Previously there has been reports of Intel Core i9 processors facing instability issues, starting earlier this year. NVIDIA even blamed Intel for GPU VRAM errors, which might have seemed somewhat odd, but now makes much more sense. The good news is that Intel is finally on the ball, and they may have found the root cause of the instability issues: Enhanced Thermal Boost Velocity (eTVB).

What’s Intel eTVB?

14th Gen Intel Core overclocking (resized)

Basically it’s like an additional level of Turbo Boost that’s unlocked on top of the regular Turbo Boost, exclusively available to Intel’s flagship Core i9 processors. For example, if you have sufficient cooling, the Intel Core i9-14900K can boost up to 6.0GHz with eTVB, up from the 5.8GHz allowed by Turbo Boost Max Technology 3.0.
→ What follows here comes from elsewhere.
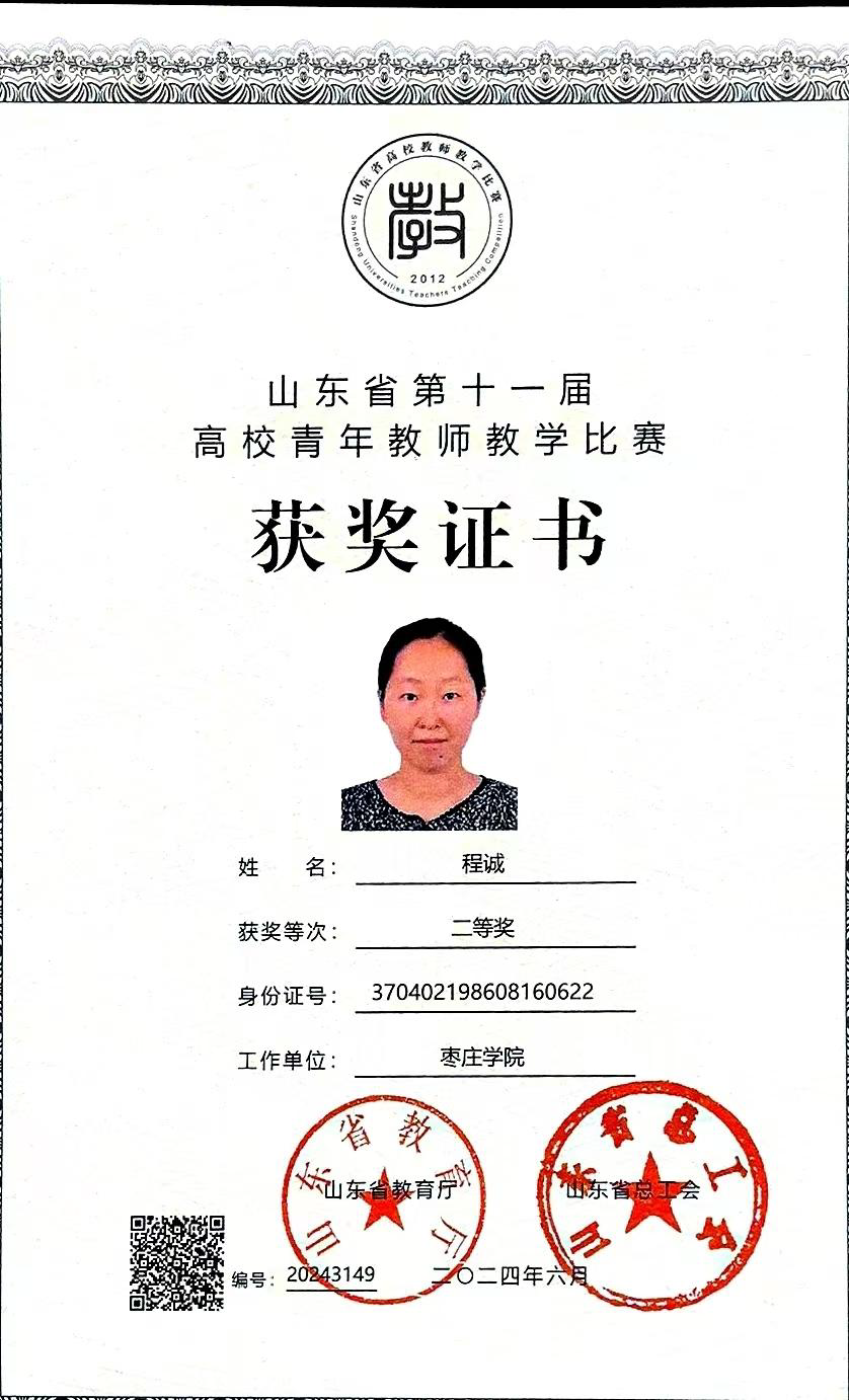 程诚:山东省第十一届青年教师教学比赛二等奖

All of this is only possible provided that you’ve enough cooling and power headroom, but then again, anyone using an Intel Core i9 with anything less than a proper liquid cooling system and a high-end motherboard with a solid power delivery system should probably be shot.

What’s the problem now?

13th Gen Intel Core Intel Z790 Malaysia

As eTVB is technically overclocking the processor, there are a lot of things that can go wrong. As it happens, it seems that the eTVB algorithm is having issues whereby the processors can engage the higher clock speeds even when temperatures are not within the allowed thresholds.

Intel seems to point towards problematic BIOS settings that allowed the processors to boost to higher eTVB speeds, even when the processor is running at high voltages and high temperatures. As such, the next BIOS update from partners should include a new microcode update to fix the issue. For those of you using the Intel Core i9 processors, I think you might want to keep an eye out for this.

However, I do believe this fix will affect the peak performance of these processors. The more lenient boosting may have been great for performance, it’s detrimental to the lifespan of the processor, and evidently, the reliability and stability of it as well.

14th Gen Intel Core gaming performance (resized)

Given that a lot of the reviews of the Raptor Lake processors were done with this problematic BIOS that allowed for higher boost even when not within the eTVB threshold, I wonder whether it’s time for reviewers to revisit the processors after the fix is in place to see how much of an effect it has on the performance.